In 2009 a story made headlines that is still being brought up today: British newspaper The Sunday Times claimed that a Google search generated large amounts of greenhouse gases; the same amount of carbon as boiling a kettle of water for tea.
Even though later Google later was able to prove that in fact most searches only needed 35 times less carbon than the report suggested the article and general concerns prompted google to investigate the company’s efficiency, power use, and GHG emissions.
A pretty clear example of Google’s low carbon business model is Youtube: watching a video online certainly creates less pollution than buying a DVD that has been manufactured, packaged, shipped and purchased.
Google has a convincing record of environmental efforts; a previous reegle blog on Google’s investments into renewable energy projects has already explored this sincere support of clean energy.
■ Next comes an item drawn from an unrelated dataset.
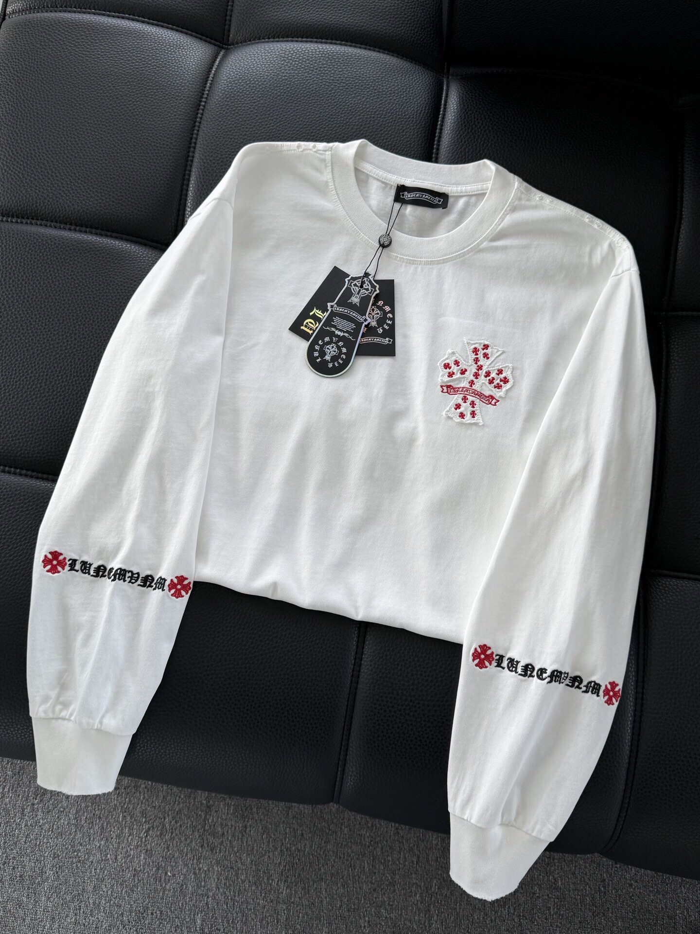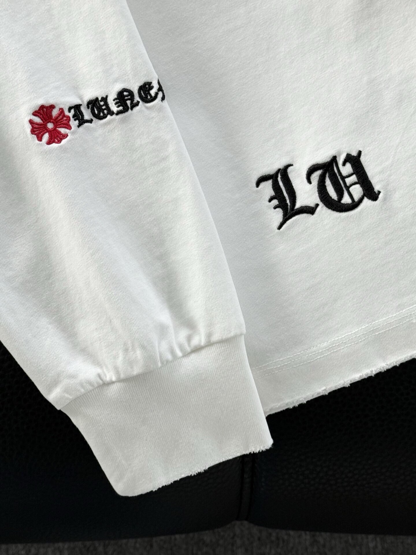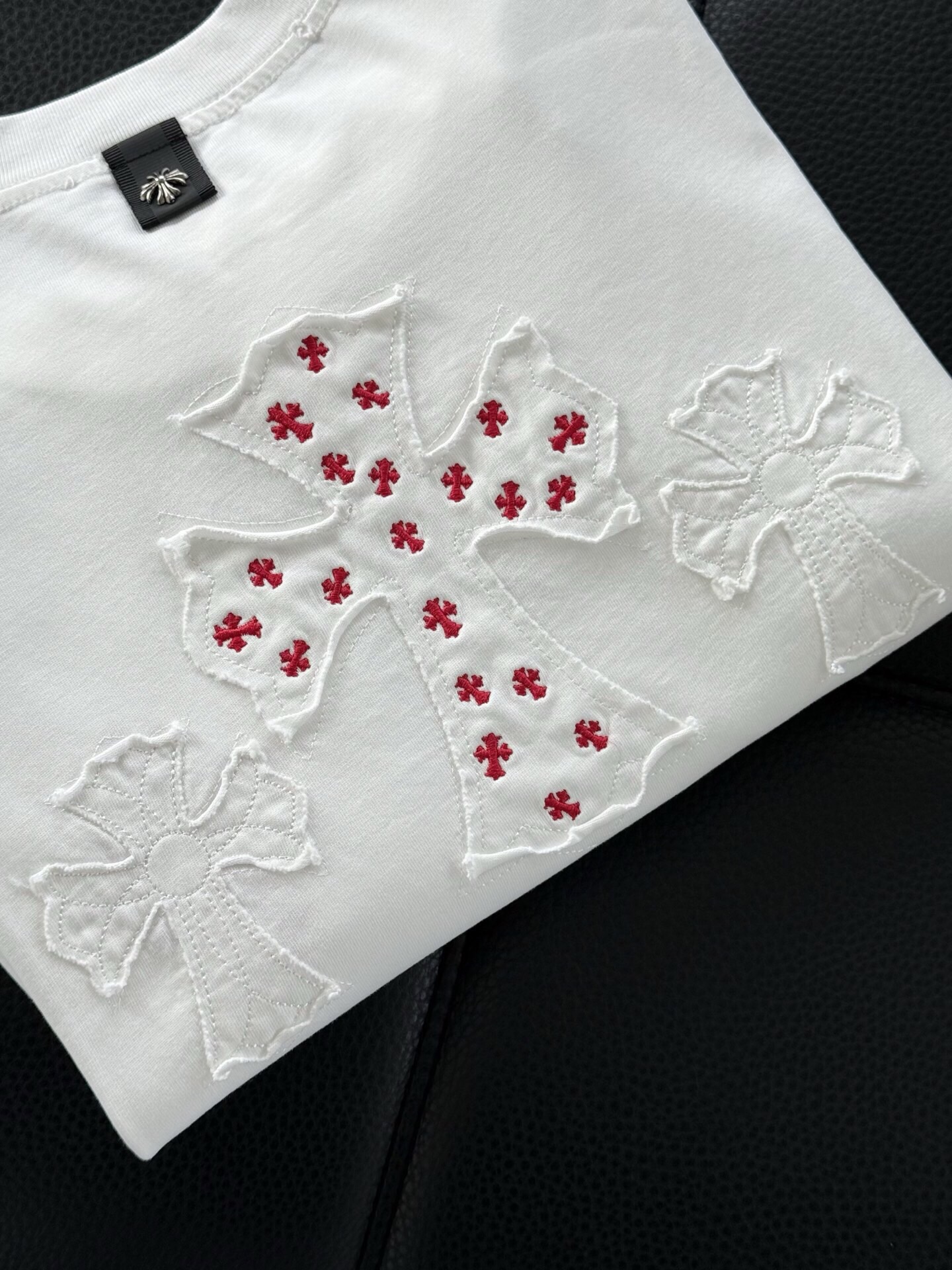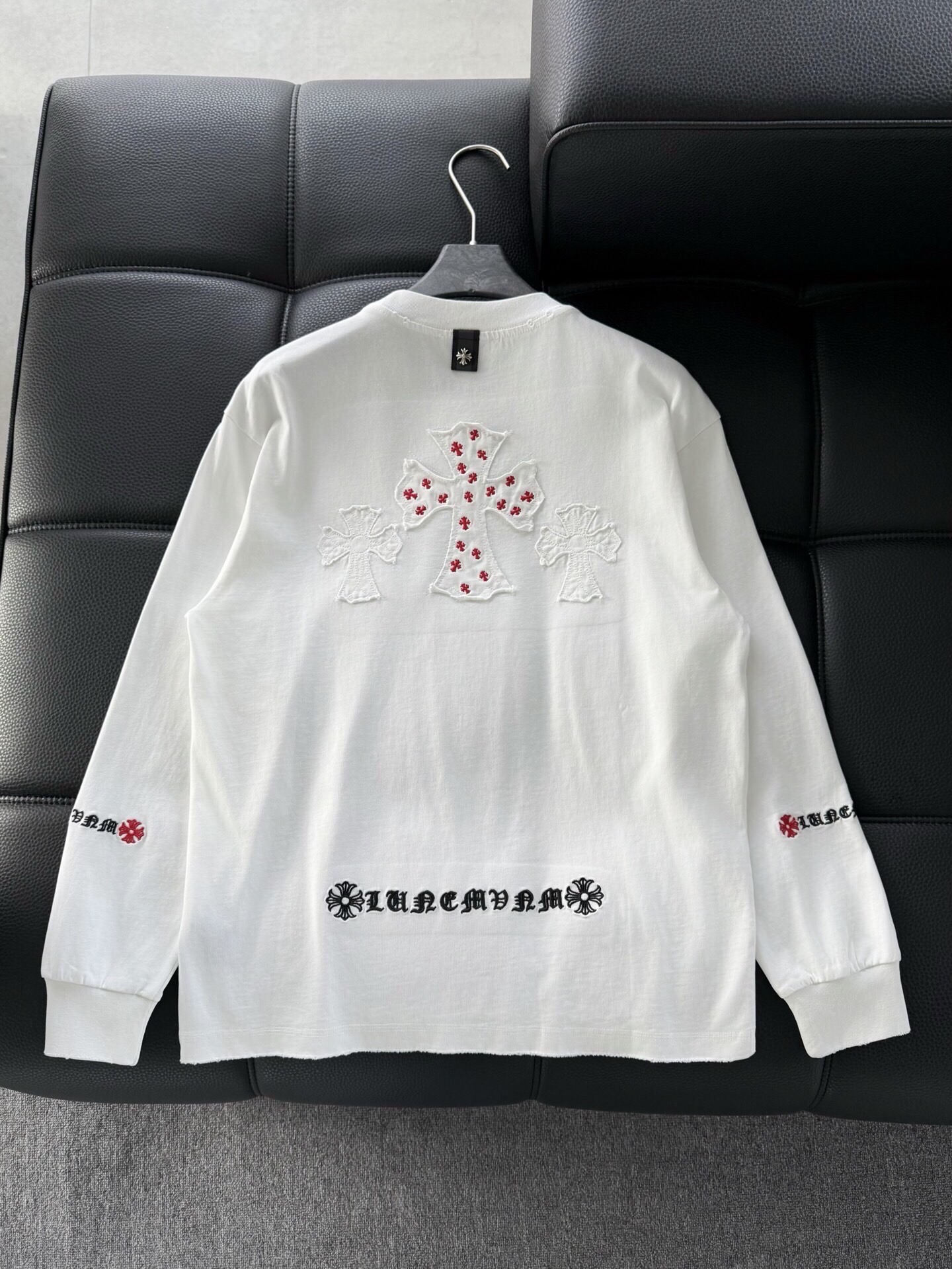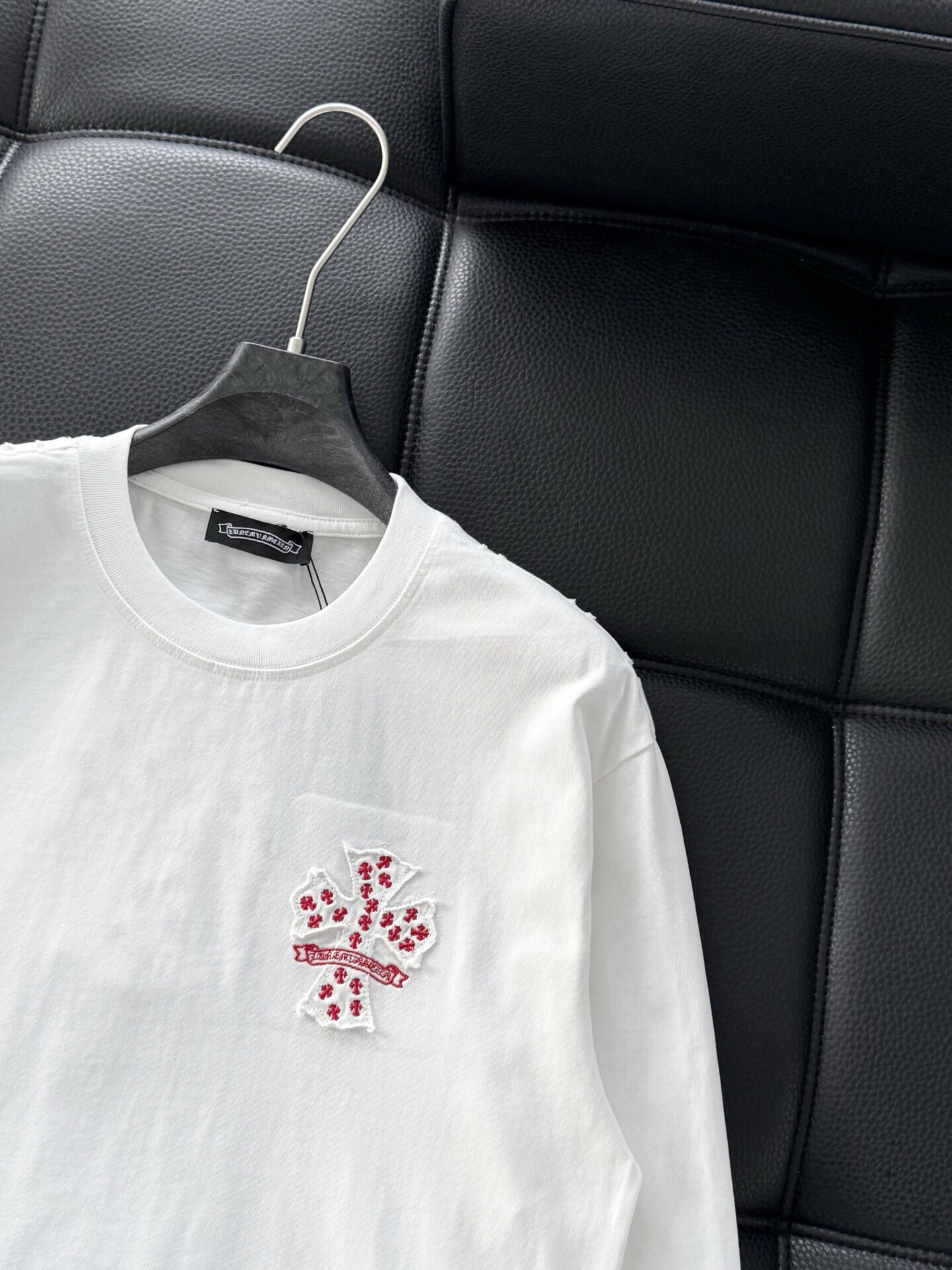 這款衣服是AAAAA 1:1 質量(非常棒). 使用了和原版一模一樣的材料. 商標部分也保持了和鉻心/Chrome Hearts一樣. 圖片拍攝是實物衣服拍攝, 您所收到的實物保證和我們圖片一模一樣.

They are now helping to create 1.7 GW of renewable power.
In a blog post made public Thursday, Google revealed an unprecedented amount of data about the carbon footprint of its own operations, thus setting new standards in terms of transparency. Google used 2.3 billion kilowatt-hours of electricity last year, which is about half of what major power consumers such as steel companies and oil companies consumed. In order to reduce the impact of this considerable amount, the company is buying renewable power and invests in renewable energy projects to help make it more available. Google pays for carbon offset projects reducing its footprint to zero and tries to make its data centers as efficient as possible.
With regard to data centers it has emerged that cloud computing is more efficient than traditional models and cheaper for companies than running their own servers, email programs and other software in in-house information technology departments. Some data centers are more efficient than others, and it matters what kind of power they use, so there is always room for improvement. Google says its data centers are about twice as efficient as typical data centers in how much power is used directly for computing compared with power used for heating and cooling. Google also stressed that being more efficient is also a cost factor.
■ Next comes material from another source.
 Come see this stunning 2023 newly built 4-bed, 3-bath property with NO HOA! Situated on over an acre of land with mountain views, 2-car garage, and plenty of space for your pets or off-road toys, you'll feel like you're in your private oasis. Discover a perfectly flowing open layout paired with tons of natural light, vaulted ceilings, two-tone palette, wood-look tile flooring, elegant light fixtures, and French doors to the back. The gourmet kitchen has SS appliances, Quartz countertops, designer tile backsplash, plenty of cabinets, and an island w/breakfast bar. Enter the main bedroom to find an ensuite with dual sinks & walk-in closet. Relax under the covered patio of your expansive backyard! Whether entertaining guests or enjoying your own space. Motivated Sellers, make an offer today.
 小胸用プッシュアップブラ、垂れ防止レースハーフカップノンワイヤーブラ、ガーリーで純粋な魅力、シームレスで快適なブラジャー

Noah Horowitz, a Senior Scientist at the Natural Resources Defense Council who studies efficiency, hopes Google’s disclosure prompts other big data center operators such as Apple, Amazon.com and the U.S. Government to also reveal data center efficiency and work to improve it.
As use of computers and online data is still growing at a fast pace, it is crucial to rely on the most efficient technologies, and major companies like Google taking the lead is certainly a strong signal!
- How our cloud does more with less (googleblog.blogspot.com)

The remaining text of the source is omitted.